Examples include support for stateful long-lived virtual addressable components1, tools for managing distributed state reliably at scale with options for consistency ranging from strong2 to eventual and causal consistency3, and being able to reason about streaming pipelines and the properties and guarantees it has as a whole4.
Conclusion: The Requirements of Serverless Are Evolving from the Infrastructure, up to the Application Logic
The enterprise is broadly replatforming data centers on containers, Kubernetes, and cloud-native frameworks in its orbit, and the adoption and momentum have been remarkable.
One question that I frequently hear is: “Now that my application is containerized, do I still need to worry about all that hard distributed systems stuff? Won’t Kubernetes solve all my problems around cloud resilience, scalability, stability, and safety?” Unfortunately, the answer is “No, definitely no”— it is just not that simple.

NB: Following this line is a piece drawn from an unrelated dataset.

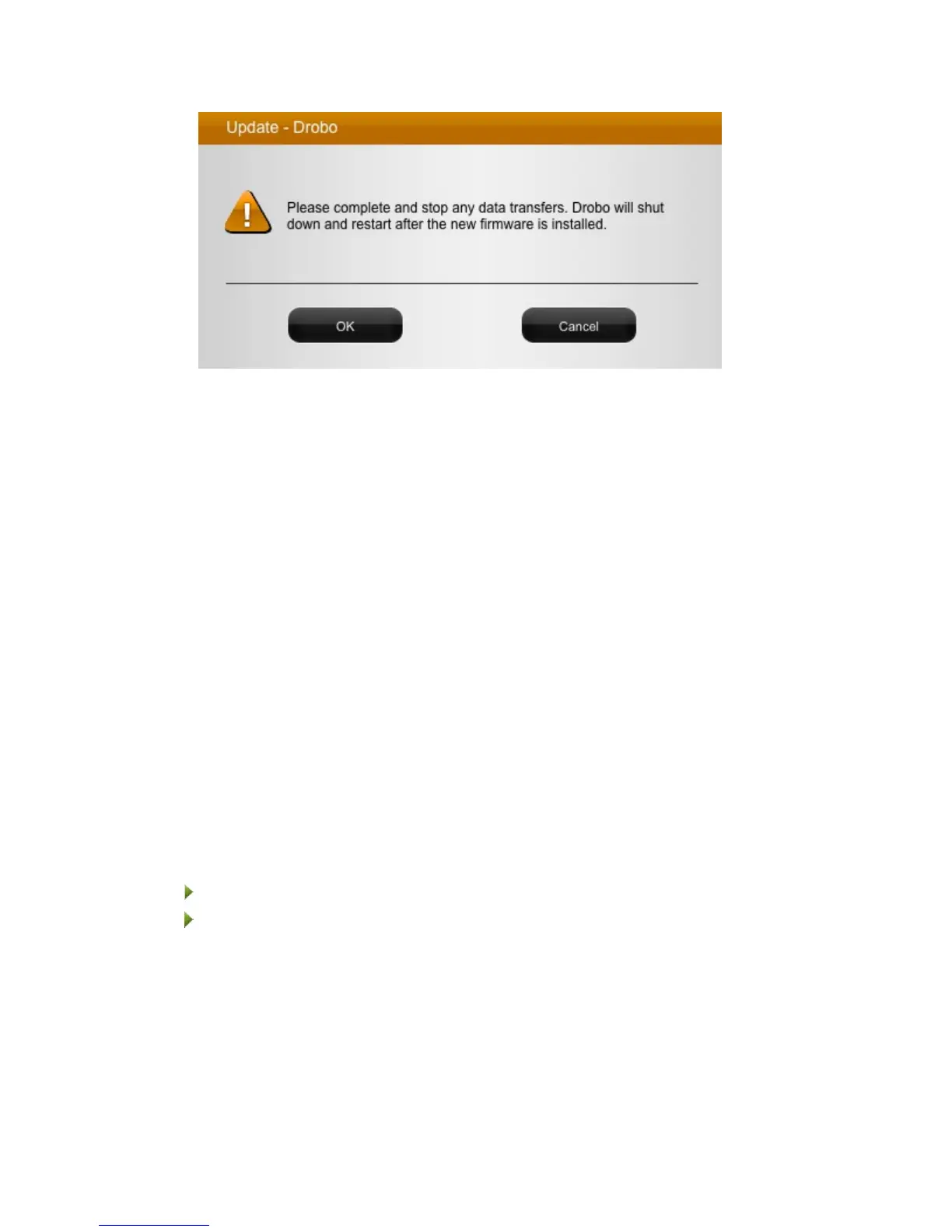 Drobo installs the firmware. When finished, a message opens, asking you to reboot your

While I believe that Kubernetes is the best way to manage and orchestrate containers in the cloud, it’s not a cure-all for programming challenges at the application level, such as:
- The underlying business logic and operational semantics of the application.
- Managing distributed application data consistency and integrity.
- Managing distributed and local workflow and communication.
- Integration with other systems.
In the now classic paper “End-To-End Arguments In System Design” from 1984, Saltzer, Reed, and Clark discuss the problem that many functions in the underlying infrastructure (the paper talks about communication systems) can only be completely and correctly implemented with the help of the application at the endpoints.
This is not an argument against the use of low-level infrastructure tools like Kubernetes and Istio — they clearly bring a ton of value — but a call for closer collaboration between the infrastructure and application layers in maintaining holistic correctness and safety guarantees.
End-to-end correctness, consistency, and safety mean different things for different services. It’s totally dependent on the use-case, and can’t be outsourced completely to the infrastructure. To quote Pat Helland: “The management of uncertainty must be implemented in the business logic.”
In other words, a holistically stable system is still the responsibility of the application, not the infrastructure tooling used — and the next generation serverless implementations need to provide programming models and a holistic UX working in concert with the underlying infrastructure maintaining these properties, without continuing to ignore the hardest, and most important problem: how to manage your data in the cloud — reliably at scale.
1 All the terms here are important, so let me clarify them. Stateful: in-memory yet durable and resilient state; Long-lived: life-cycle is not bound to a specific session, context available until explicitly destroyed; Virtual: location transparent and mobile, not bound to a physical location; Addressable: referenced through a stable address. One example of a component with these traits would be Actors (the Actor Model). ↩
4 Properties such as backpressure, windowing, completeness vs correctness, etc. ↩